INFORMATION SUPPLIED
-- -- --
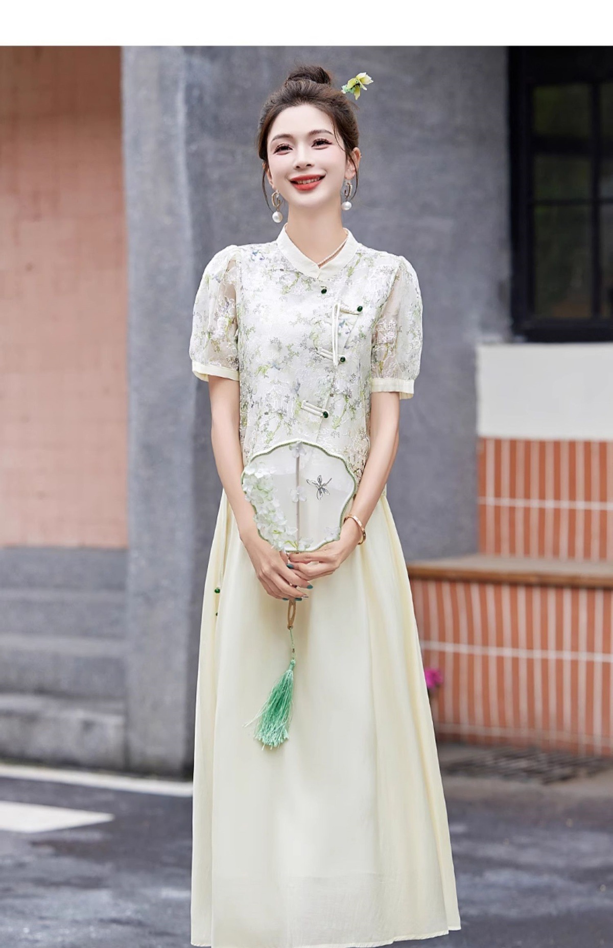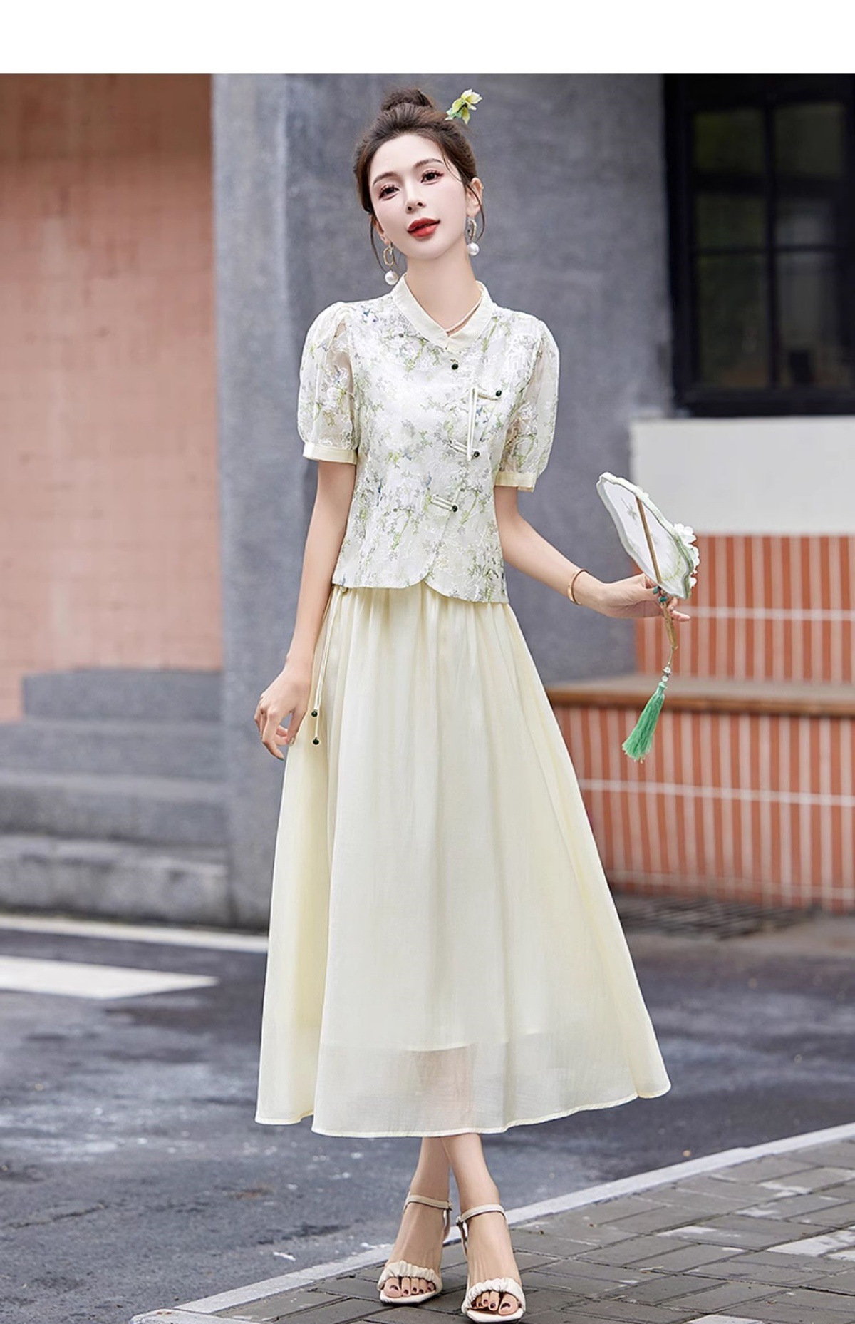 新中式国风半身裙套装2025夏季新款流苏碎花短袖上衣裙子两件套YWY8938
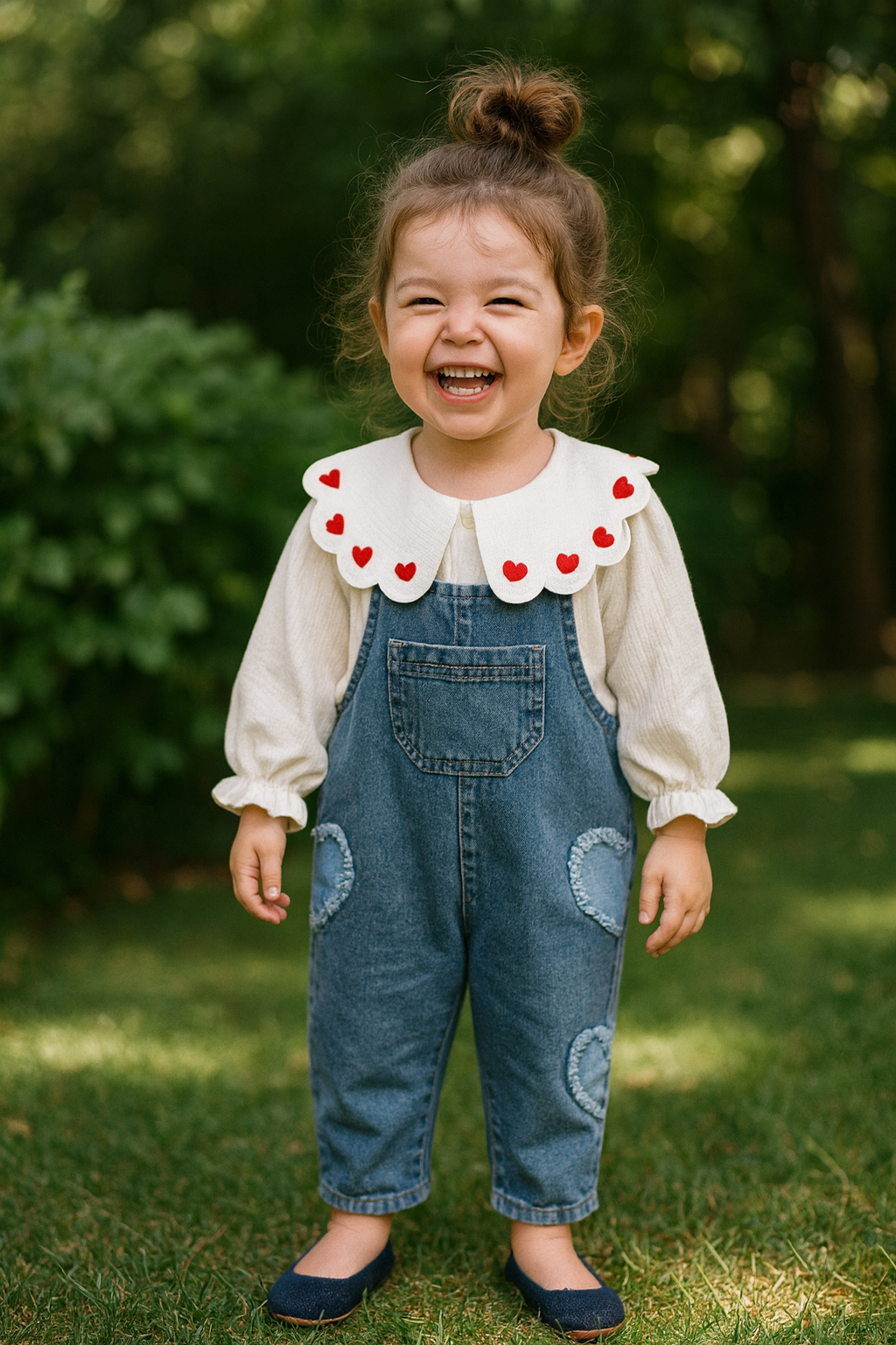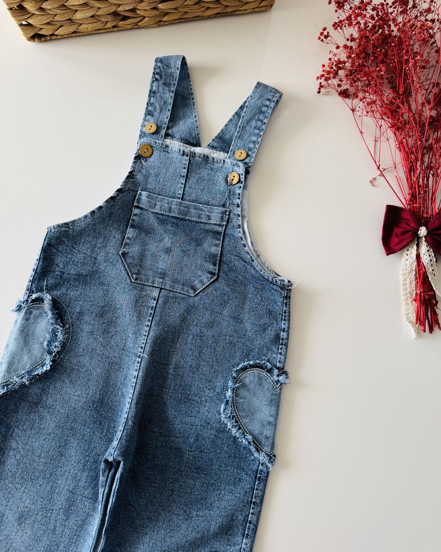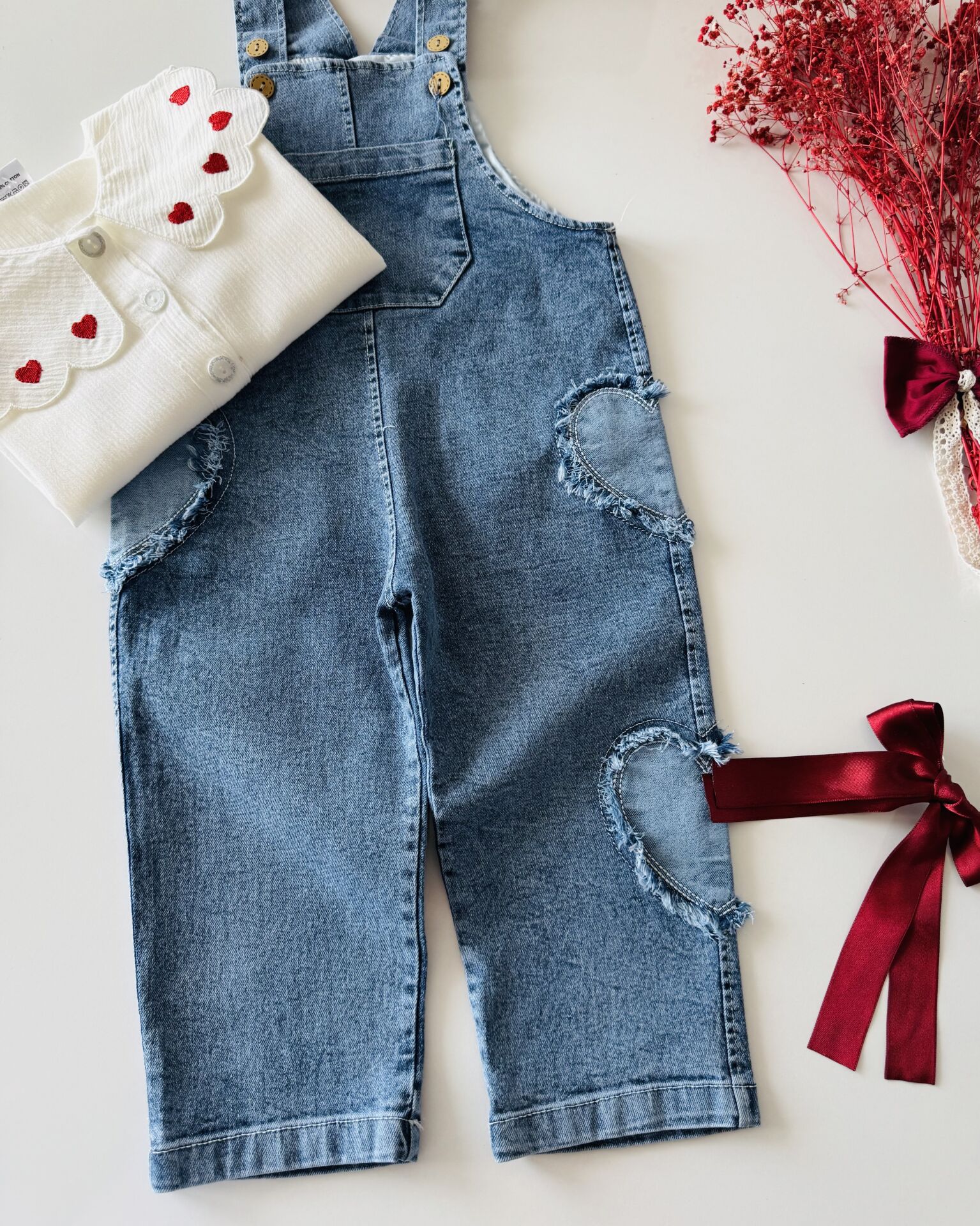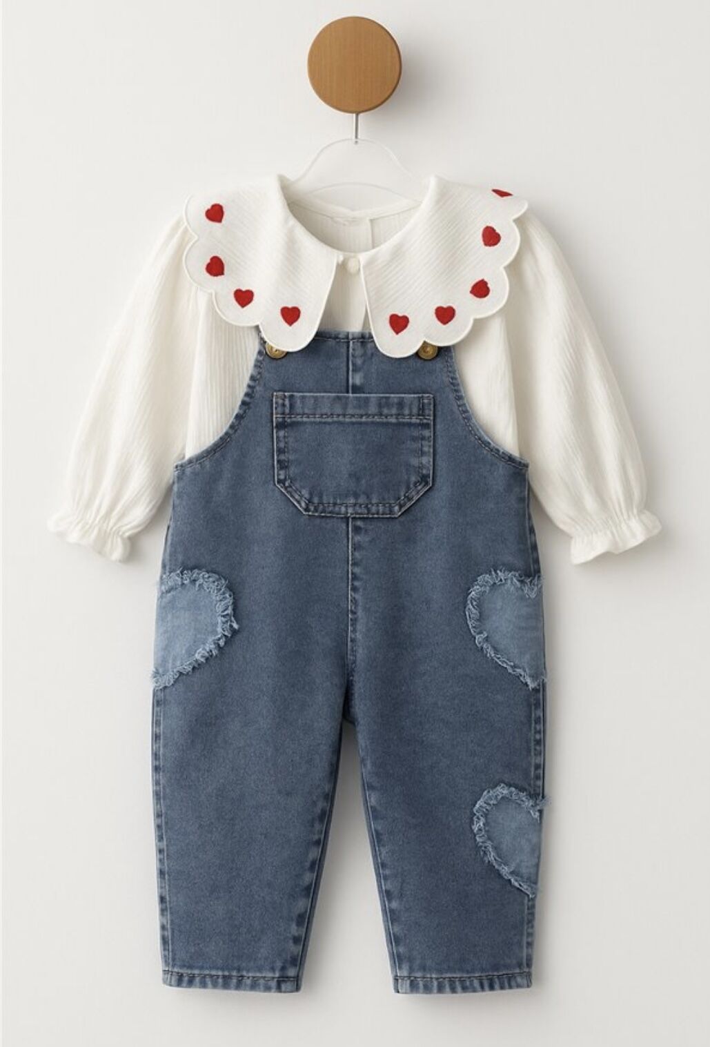 Kalp Yakalı Denim Salopet - Mavi
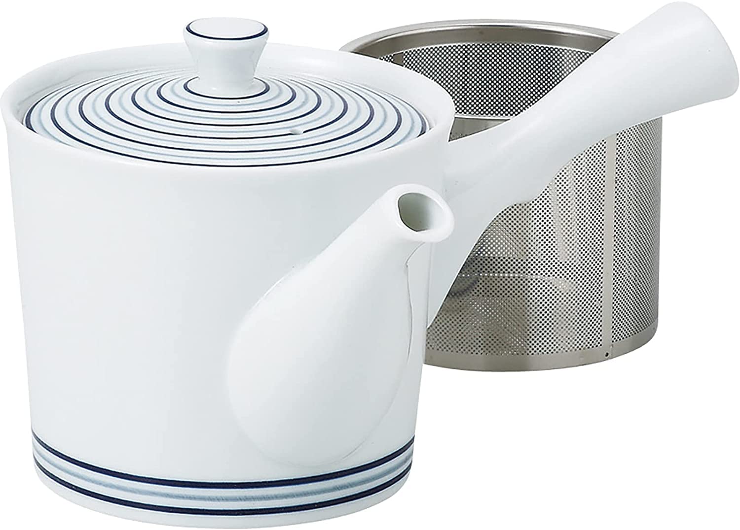 This lightweight teapot features a sleek white base with blue Its diameter is its capacity is and its comfortable handle makes it easy to It also
-- -- --
WORK REQUEST
What you return should be the whole listing, word for word, without its pictures.

OUTPUT OF THE TASK
 新中式国风半身裙套装2025夏季新款流苏碎花短袖上衣裙子两件套YWY8938
 Kalp Yakalı Denim Salopet - Mavi
 This lightweight teapot features a sleek white base with blue Its diameter is its capacity is and its comfortable handle makes it easy to It also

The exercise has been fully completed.